═════ PROVIDED DATA ═════

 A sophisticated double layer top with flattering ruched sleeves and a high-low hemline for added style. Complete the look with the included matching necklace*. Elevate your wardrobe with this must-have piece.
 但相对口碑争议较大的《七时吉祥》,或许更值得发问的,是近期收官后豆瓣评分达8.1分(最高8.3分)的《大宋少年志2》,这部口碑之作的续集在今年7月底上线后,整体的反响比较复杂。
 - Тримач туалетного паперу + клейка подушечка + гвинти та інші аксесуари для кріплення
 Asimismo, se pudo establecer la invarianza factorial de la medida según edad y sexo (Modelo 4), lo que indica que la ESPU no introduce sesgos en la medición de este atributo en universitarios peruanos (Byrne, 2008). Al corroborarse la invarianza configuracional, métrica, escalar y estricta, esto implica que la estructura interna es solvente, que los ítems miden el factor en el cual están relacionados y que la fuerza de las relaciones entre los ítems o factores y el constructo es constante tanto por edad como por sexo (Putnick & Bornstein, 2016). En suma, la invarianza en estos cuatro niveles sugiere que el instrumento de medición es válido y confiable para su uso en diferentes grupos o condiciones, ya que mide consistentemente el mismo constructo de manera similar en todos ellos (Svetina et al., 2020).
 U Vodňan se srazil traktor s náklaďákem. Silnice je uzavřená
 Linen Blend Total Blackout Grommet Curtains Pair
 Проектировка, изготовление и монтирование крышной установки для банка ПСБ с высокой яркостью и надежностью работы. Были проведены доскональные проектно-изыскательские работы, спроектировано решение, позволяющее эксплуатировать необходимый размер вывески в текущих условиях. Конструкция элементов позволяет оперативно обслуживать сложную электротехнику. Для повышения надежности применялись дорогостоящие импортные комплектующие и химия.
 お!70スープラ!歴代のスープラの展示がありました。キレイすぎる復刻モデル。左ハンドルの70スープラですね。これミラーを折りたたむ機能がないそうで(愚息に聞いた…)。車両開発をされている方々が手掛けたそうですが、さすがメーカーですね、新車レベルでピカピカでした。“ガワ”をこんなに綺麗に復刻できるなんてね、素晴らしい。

═════
═════ PROVIDED DATA ═════

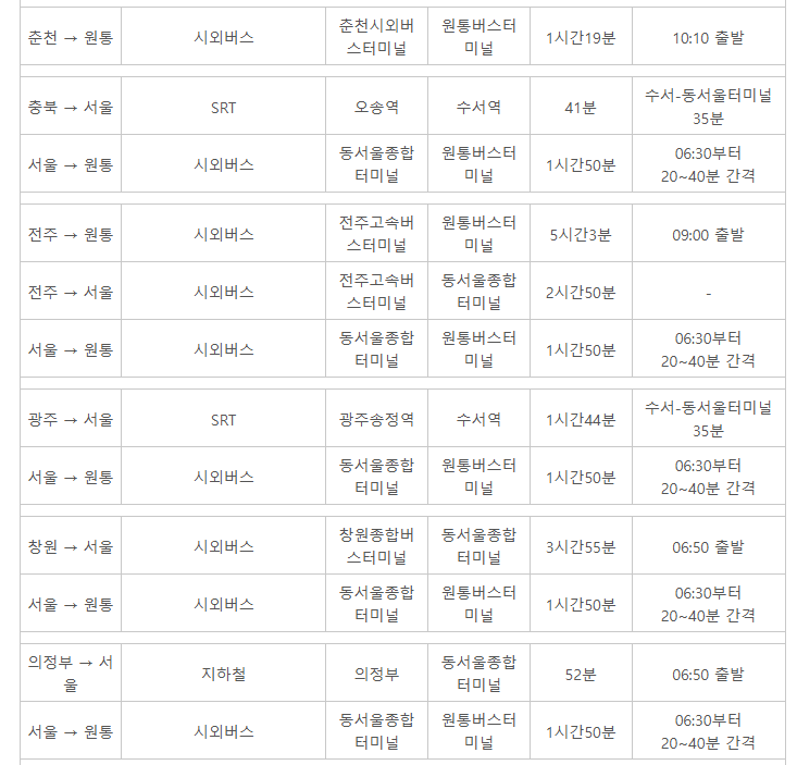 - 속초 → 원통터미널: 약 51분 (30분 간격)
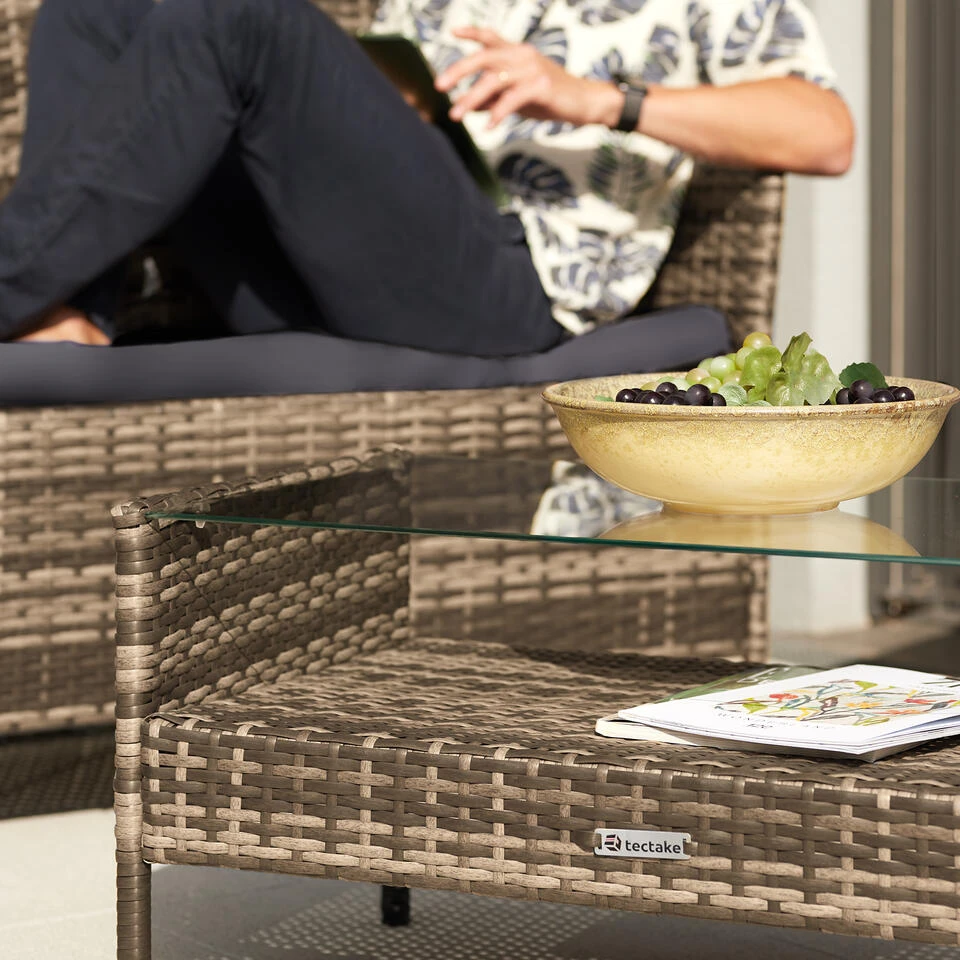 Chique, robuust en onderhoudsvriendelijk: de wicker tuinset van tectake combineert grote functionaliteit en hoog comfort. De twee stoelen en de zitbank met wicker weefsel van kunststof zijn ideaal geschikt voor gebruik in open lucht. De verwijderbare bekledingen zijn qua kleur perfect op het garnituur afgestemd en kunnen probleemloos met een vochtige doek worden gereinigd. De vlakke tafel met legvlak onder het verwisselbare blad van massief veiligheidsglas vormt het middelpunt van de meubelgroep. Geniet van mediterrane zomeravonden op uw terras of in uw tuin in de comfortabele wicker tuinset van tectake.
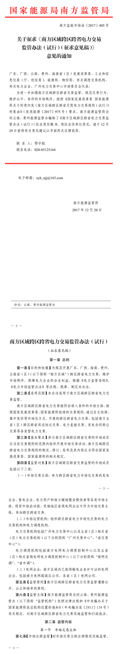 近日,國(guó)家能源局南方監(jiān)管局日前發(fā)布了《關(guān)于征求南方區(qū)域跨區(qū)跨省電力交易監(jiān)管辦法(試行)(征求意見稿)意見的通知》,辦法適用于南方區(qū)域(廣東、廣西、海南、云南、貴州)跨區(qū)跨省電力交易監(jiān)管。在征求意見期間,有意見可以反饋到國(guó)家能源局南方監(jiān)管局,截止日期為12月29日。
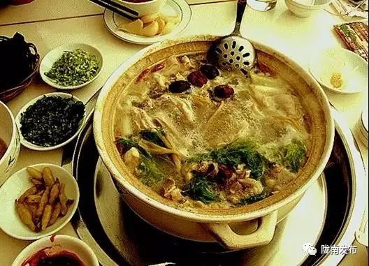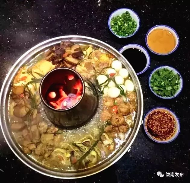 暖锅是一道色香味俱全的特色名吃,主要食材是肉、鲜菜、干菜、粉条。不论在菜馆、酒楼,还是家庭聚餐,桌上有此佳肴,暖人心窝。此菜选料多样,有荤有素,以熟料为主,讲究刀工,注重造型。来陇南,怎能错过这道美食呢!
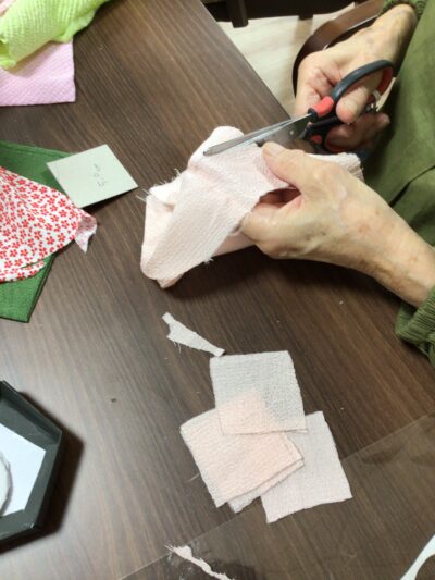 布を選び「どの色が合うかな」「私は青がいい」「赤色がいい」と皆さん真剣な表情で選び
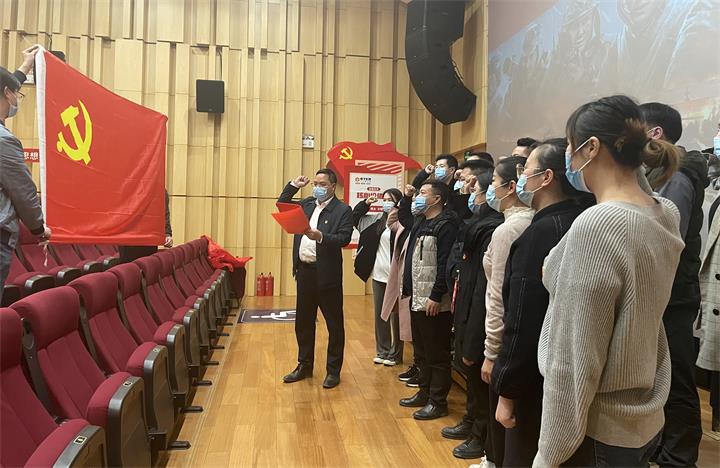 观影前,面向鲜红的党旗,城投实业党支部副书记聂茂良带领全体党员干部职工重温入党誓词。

═════
═════ PROVIDED DATA ═════

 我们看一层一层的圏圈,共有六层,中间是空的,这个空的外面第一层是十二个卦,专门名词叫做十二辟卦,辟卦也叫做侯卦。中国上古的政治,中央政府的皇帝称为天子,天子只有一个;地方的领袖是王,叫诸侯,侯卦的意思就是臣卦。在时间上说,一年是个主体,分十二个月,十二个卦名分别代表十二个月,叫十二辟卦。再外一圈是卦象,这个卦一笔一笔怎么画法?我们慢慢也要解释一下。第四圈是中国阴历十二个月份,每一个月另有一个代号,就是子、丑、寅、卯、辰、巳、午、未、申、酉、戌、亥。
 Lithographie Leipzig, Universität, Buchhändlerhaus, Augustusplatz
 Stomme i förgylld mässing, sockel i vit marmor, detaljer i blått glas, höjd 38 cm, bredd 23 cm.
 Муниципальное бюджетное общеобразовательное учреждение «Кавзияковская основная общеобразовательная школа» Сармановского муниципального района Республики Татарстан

═════

WHAT YOU NEED TO DO:
Using the data above, set down each line from the line with "暖锅是一道色香味俱全的特色名" to the line with "观影前,面向鲜红的党旗,城投" exactly, both ends included, and leave the pictures behind. Nothing else belongs.

RESULT:
 暖锅是一道色香味俱全的特色名吃,主要食材是肉、鲜菜、干菜、粉条。不论在菜馆、酒楼,还是家庭聚餐,桌上有此佳肴,暖人心窝。此菜选料多样,有荤有素,以熟料为主,讲究刀工,注重造型。来陇南,怎能错过这道美食呢!
 布を選び「どの色が合うかな」「私は青がいい」「赤色がいい」と皆さん真剣な表情で選び
 观影前,面向鲜红的党旗,城投实业党支部副书记聂茂良带领全体党员干部职工重温入党誓词。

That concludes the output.